Action item: The stretch from the line with "王海伟为挑战杯优秀指导老师颁奖。" through the line with "Monterat ateljéporträtt av" in the records below: write it out exactly, and nothing else.

Excerpted data:
BEGIN

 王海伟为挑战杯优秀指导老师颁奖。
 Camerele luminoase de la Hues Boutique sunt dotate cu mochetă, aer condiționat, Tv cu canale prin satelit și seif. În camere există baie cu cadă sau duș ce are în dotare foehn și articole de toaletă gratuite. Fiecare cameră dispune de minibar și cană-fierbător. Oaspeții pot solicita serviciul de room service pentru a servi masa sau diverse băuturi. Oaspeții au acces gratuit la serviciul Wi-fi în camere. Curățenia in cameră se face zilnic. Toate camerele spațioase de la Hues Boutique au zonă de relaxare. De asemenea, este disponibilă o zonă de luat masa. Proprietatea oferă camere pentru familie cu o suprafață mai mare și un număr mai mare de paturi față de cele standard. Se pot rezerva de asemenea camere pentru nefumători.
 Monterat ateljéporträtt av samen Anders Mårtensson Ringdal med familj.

END
BEGIN

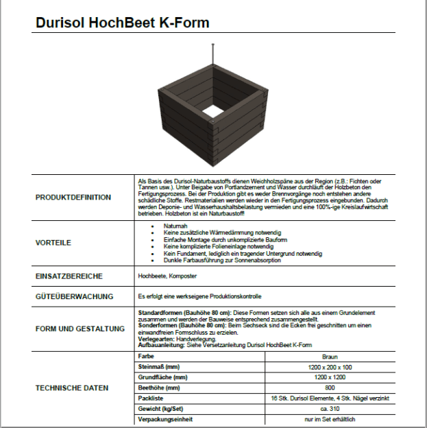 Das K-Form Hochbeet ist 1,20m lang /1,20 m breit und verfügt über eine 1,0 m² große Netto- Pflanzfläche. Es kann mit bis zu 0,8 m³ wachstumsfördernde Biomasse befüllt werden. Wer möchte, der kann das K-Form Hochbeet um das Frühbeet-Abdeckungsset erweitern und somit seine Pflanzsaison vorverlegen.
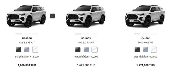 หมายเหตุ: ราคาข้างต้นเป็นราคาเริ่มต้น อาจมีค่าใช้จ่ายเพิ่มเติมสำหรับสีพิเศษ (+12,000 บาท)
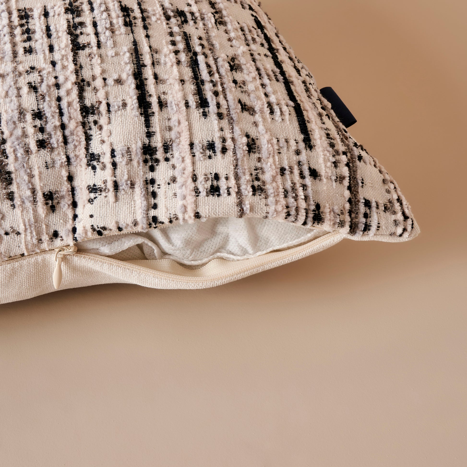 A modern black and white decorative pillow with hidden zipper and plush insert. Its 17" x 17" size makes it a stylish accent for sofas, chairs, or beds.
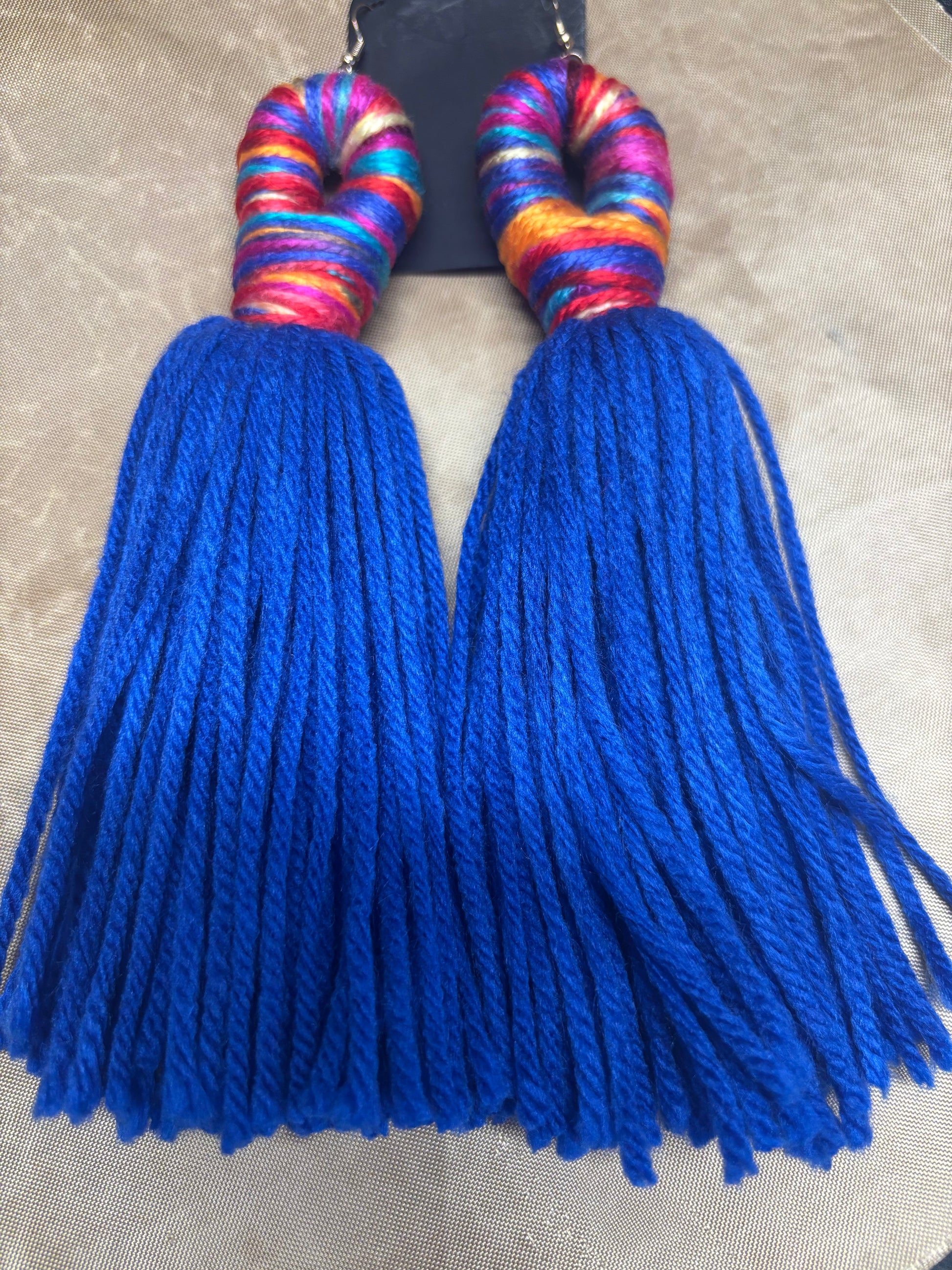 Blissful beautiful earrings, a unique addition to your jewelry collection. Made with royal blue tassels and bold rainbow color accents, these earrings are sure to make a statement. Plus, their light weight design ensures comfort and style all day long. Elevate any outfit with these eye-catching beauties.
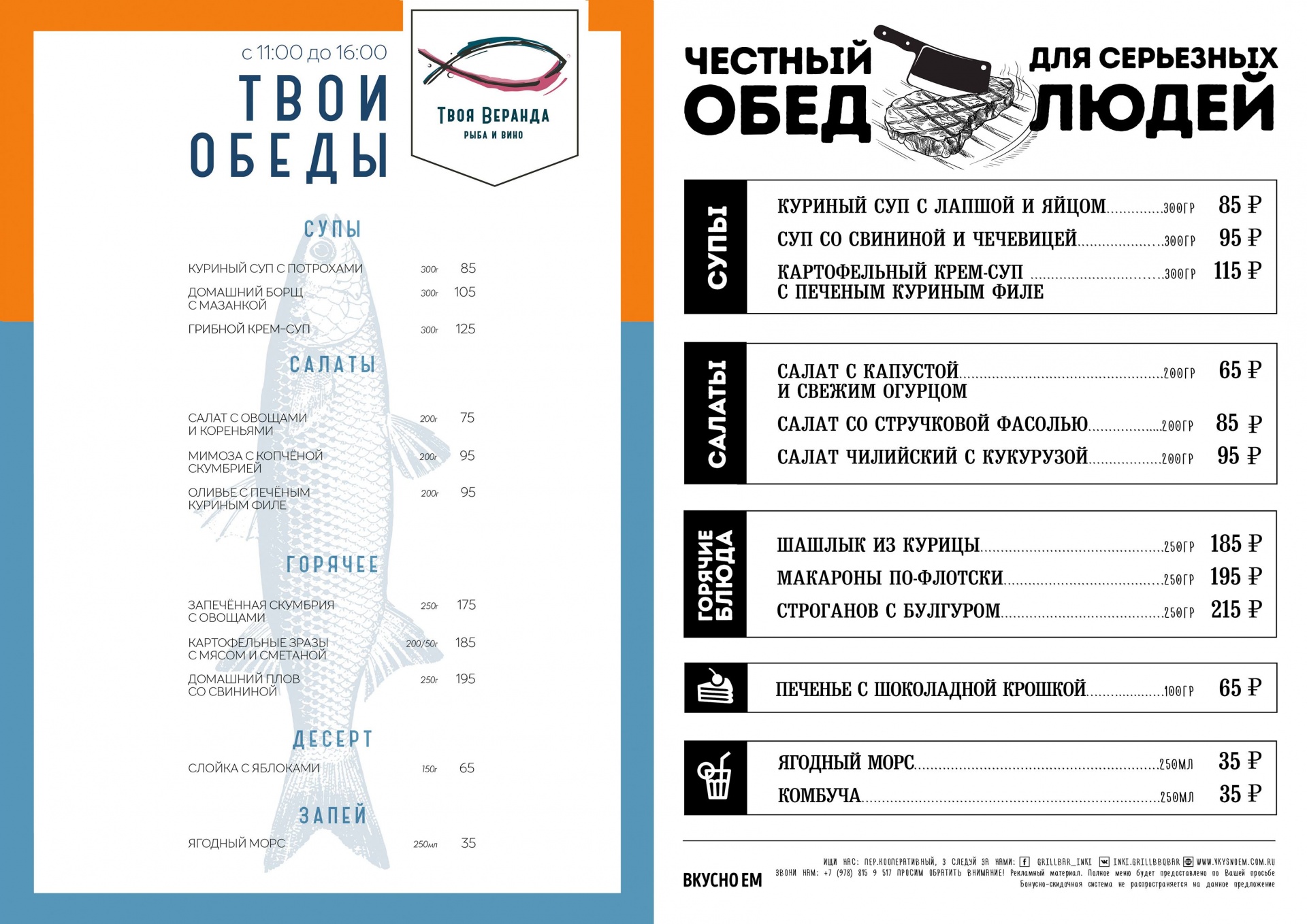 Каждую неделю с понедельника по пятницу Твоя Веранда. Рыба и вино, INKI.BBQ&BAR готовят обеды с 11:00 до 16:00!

END
BEGIN

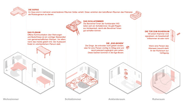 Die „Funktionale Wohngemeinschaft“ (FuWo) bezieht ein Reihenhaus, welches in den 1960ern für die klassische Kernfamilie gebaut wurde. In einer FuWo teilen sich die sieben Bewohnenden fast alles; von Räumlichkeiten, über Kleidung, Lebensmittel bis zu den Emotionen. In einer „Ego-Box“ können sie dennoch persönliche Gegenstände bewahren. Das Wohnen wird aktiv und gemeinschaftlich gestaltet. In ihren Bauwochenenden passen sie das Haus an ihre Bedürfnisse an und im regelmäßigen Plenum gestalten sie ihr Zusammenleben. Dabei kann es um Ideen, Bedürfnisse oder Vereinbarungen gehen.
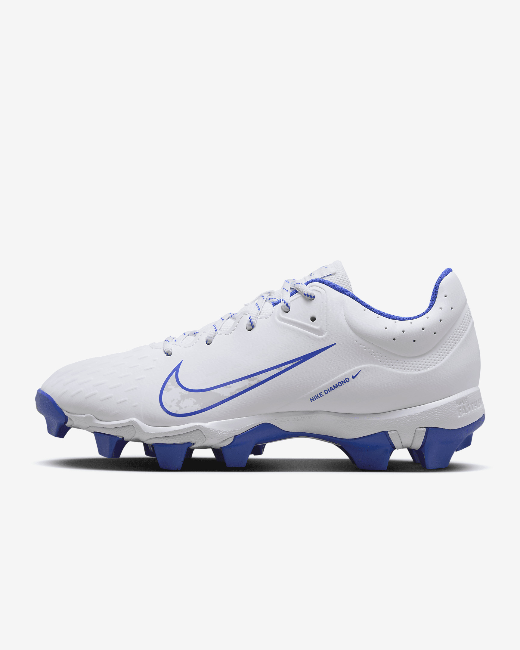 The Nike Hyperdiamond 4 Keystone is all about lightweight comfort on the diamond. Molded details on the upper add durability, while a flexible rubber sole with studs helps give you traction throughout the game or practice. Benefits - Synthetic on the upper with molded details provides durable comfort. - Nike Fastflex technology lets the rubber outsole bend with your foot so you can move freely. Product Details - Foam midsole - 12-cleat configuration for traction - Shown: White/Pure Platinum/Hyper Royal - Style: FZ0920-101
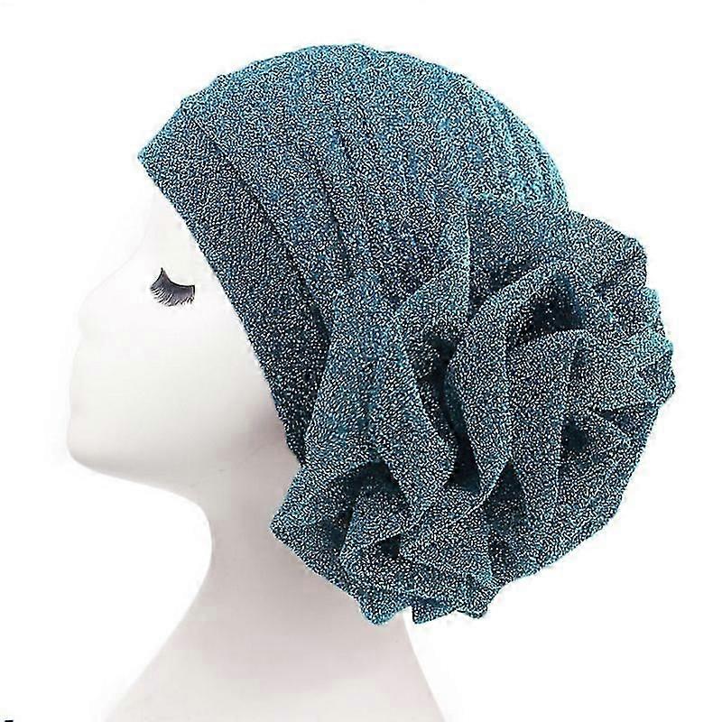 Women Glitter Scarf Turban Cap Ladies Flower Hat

END

Response below:
 王海伟为挑战杯优秀指导老师颁奖。
 Camerele luminoase de la Hues Boutique sunt dotate cu mochetă, aer condiționat, Tv cu canale prin satelit și seif. În camere există baie cu cadă sau duș ce are în dotare foehn și articole de toaletă gratuite. Fiecare cameră dispune de minibar și cană-fierbător. Oaspeții pot solicita serviciul de room service pentru a servi masa sau diverse băuturi. Oaspeții au acces gratuit la serviciul Wi-fi în camere. Curățenia in cameră se face zilnic. Toate camerele spațioase de la Hues Boutique au zonă de relaxare. De asemenea, este disponibilă o zonă de luat masa. Proprietatea oferă camere pentru familie cu o suprafață mai mare și un număr mai mare de paturi față de cele standard. Se pot rezerva de asemenea camere pentru nefumători.
 Monterat ateljéporträtt av samen Anders Mårtensson Ringdal med familj.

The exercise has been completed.